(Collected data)
********************

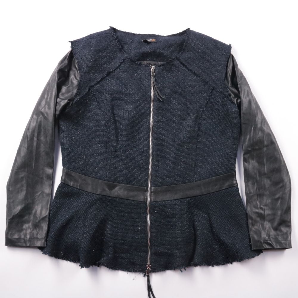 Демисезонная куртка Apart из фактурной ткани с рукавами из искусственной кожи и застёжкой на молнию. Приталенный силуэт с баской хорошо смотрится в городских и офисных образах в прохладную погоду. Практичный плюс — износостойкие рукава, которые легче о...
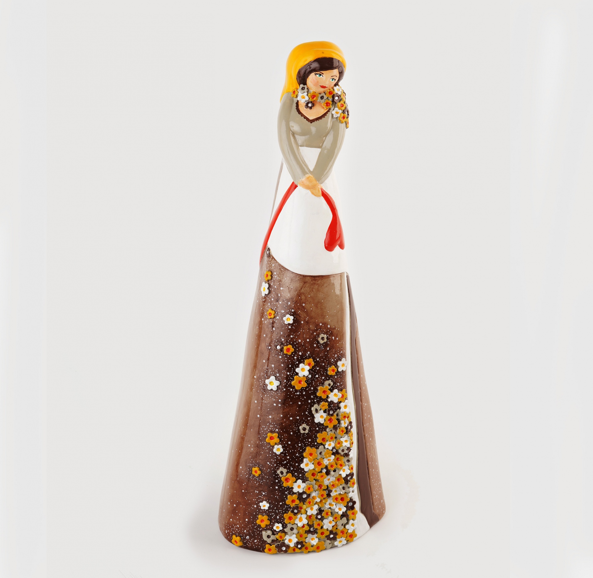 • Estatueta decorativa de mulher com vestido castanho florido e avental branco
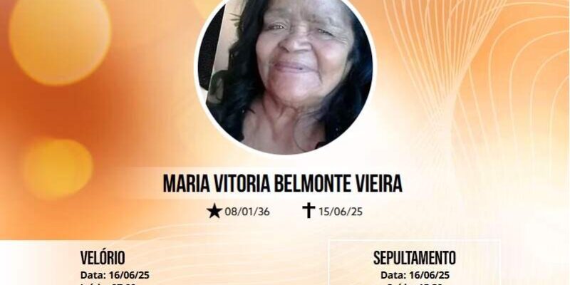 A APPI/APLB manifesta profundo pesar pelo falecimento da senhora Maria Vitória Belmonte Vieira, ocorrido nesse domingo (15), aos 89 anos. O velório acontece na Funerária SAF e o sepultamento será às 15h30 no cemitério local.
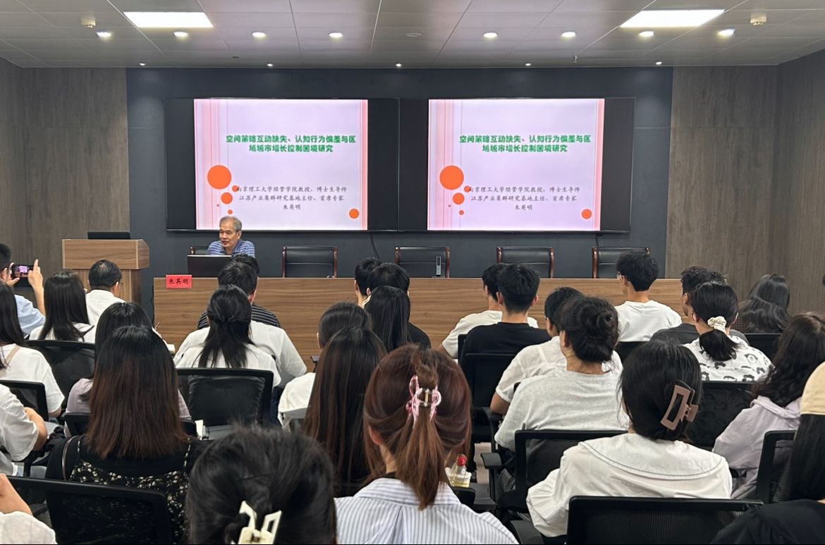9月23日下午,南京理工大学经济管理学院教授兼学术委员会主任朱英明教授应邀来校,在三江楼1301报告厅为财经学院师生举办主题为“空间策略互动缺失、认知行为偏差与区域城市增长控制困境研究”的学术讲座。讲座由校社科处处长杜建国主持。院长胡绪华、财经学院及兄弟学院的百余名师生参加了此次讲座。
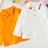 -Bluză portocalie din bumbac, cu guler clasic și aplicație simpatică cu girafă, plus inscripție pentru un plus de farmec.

********************

* [Exercise directions]:
Every record gets retyped exactly; no picture goes into the copy.

* [Written answer]:
 Демисезонная куртка Apart из фактурной ткани с рукавами из искусственной кожи и застёжкой на молнию. Приталенный силуэт с баской хорошо смотрится в городских и офисных образах в прохладную погоду. Практичный плюс — износостойкие рукава, которые легче о...
 • Estatueta decorativa de mulher com vestido castanho florido e avental branco
 A APPI/APLB manifesta profundo pesar pelo falecimento da senhora Maria Vitória Belmonte Vieira, ocorrido nesse domingo (15), aos 89 anos. O velório acontece na Funerária SAF e o sepultamento será às 15h30 no cemitério local.
9月23日下午,南京理工大学经济管理学院教授兼学术委员会主任朱英明教授应邀来校,在三江楼1301报告厅为财经学院师生举办主题为“空间策略互动缺失、认知行为偏差与区域城市增长控制困境研究”的学术讲座。讲座由校社科处处长杜建国主持。院长胡绪华、财经学院及兄弟学院的百余名师生参加了此次讲座。
 -Bluză portocalie din bumbac, cu guler clasic și aplicație simpatică cu girafă, plus inscripție pentru un plus de farmec.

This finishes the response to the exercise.